If an attacker gets close to one of your employees in a public space or while they are at lunch, protecting their RFID card is significantly harder than it would be in the office, as your employees are less likely to be looking for anything out of the ordinary. The best solution for this scenario is for employees to leave their card secured off their person (e.g. in their vehicle), away from the eyes and reach of potential attackers. If an employee does not have the ability to leave their badge in a secure location, an RFID blocking sleeve should be used.

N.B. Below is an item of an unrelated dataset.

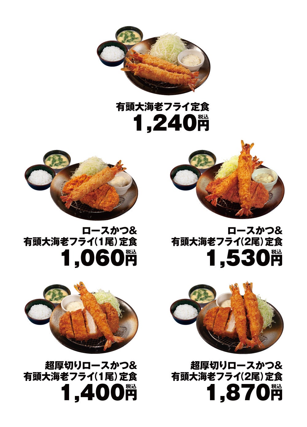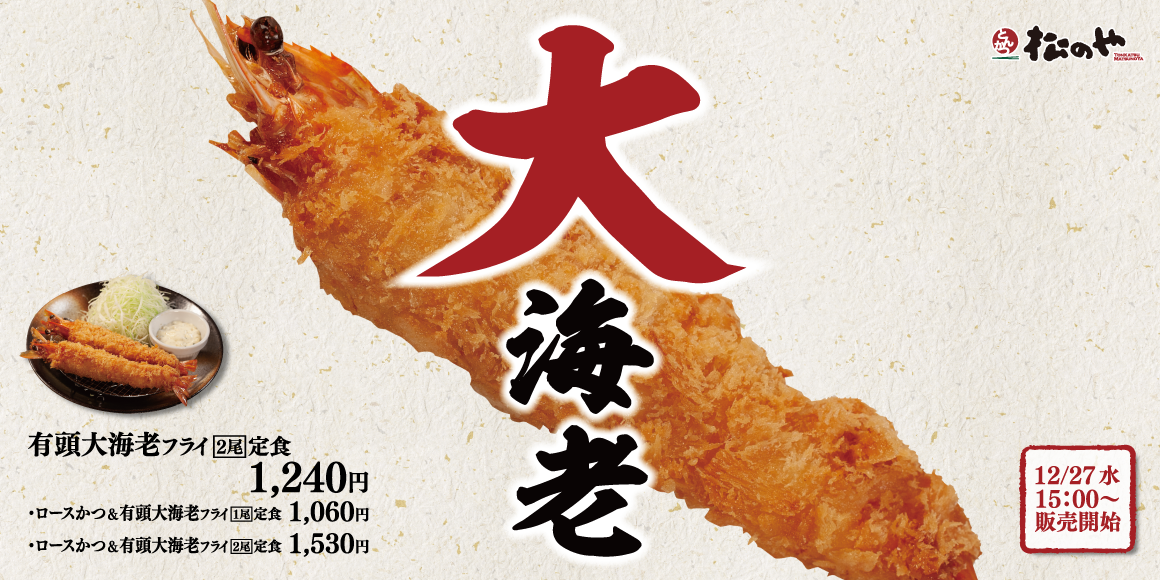 商品名 有頭大海老フライ定食(2尾) 1,240円 ロースかつ&有頭大海老フライ定食(1尾) 1,060円 ロースかつ&有頭大海老フライ定食(2尾) 1,530円 超厚切りロースかつ&有頭大海老フライ定食(1尾) 1,400円 超厚切りロースかつ&有頭大海老フライ定食(2尾) 1,870円 ※お持ち帰りいただけます。お持ち帰りのみそ汁は、別途60円でお買い求めいただけます。 ※全て税込価格です。また、店内・お持ち帰りの税込価格は同一です。 ※株主優待券は上記全てのメニューにご使用いただけます。(単品は除きます。) ※「超厚切りロースかつ&有頭大海老フライ定食」は沖縄店舗、松屋併設店舗では販売いたしません。 発売日 2023年12月27日(水)午後3時 対象店舗 一部店舗を除く全国の松のや |

Another attack you may have heard of is a brute-force attack. When attacking something like a login portal, a brute-force attack would involve the attacker submitting randomly generated credentials to the login in the hopes of finding a match to gain access to the application. This same type of attack can be used against an RFID system. An attacker can use a hardware device to submit random combinations of RFID identifiers to the access control system in the hopes that one identifier will grant them access. This attack is not often used, as it is very time consuming and generally unsuccessful without a base level of information. RFID cards many times contain a facility code or other specific identifiers that cannot be quickly guessed. If an attacker captures that data from a known-valid card, the final identifier of another employee’s RFID credentials can be brute forced with significantly fewer guesses. This could allow an attacker to leverage information obtained from one employee’s card to brute force a higher level of access.
By adequately protecting RFID cards and readers using the best practices previously described can keep an attacker from capturing data from a valid card. If an attacker cannot obtain the facility code or other identifiers, brute forcing will be too time consuming to for the attack vector to be viable.
Alternatives to RFID
There are options that offer more security than RFID systems, such as contactless smart cards or readers that leverage Bluetooth so a user’s access card can be stored in their mobile device. Contactless smart cards contain a small microprocessor that uses an asymmetric cryptographic function to send the credentials to the card reader. This is more secure than RFID, which simply broadcasts the credentials when power is present. Contactless smart cards can also be used to authenticate users into workstations or other systems. Using a mobile device for access control allows for a secure vendor-provided mobile app to manage tokens. It also lowers the risk of user’s losing, misplacing or leaving their access card at home, since most users have their mobile device with them at all times. As with most items in security, the question ultimately comes down to the level of resources an organization is willing to commit to security versus how much risk they are willing to accept.
We touched on just a few simple attacks that malicious actors can take against an organization’s RFID access control systems. Most of these attacks involve little cost or effort and can be very effective. It is a good idea to examine the risk profile of your organization and assess how many controls should be implemented around your RFID system. Training employees can go a long way toward helping secure your environment.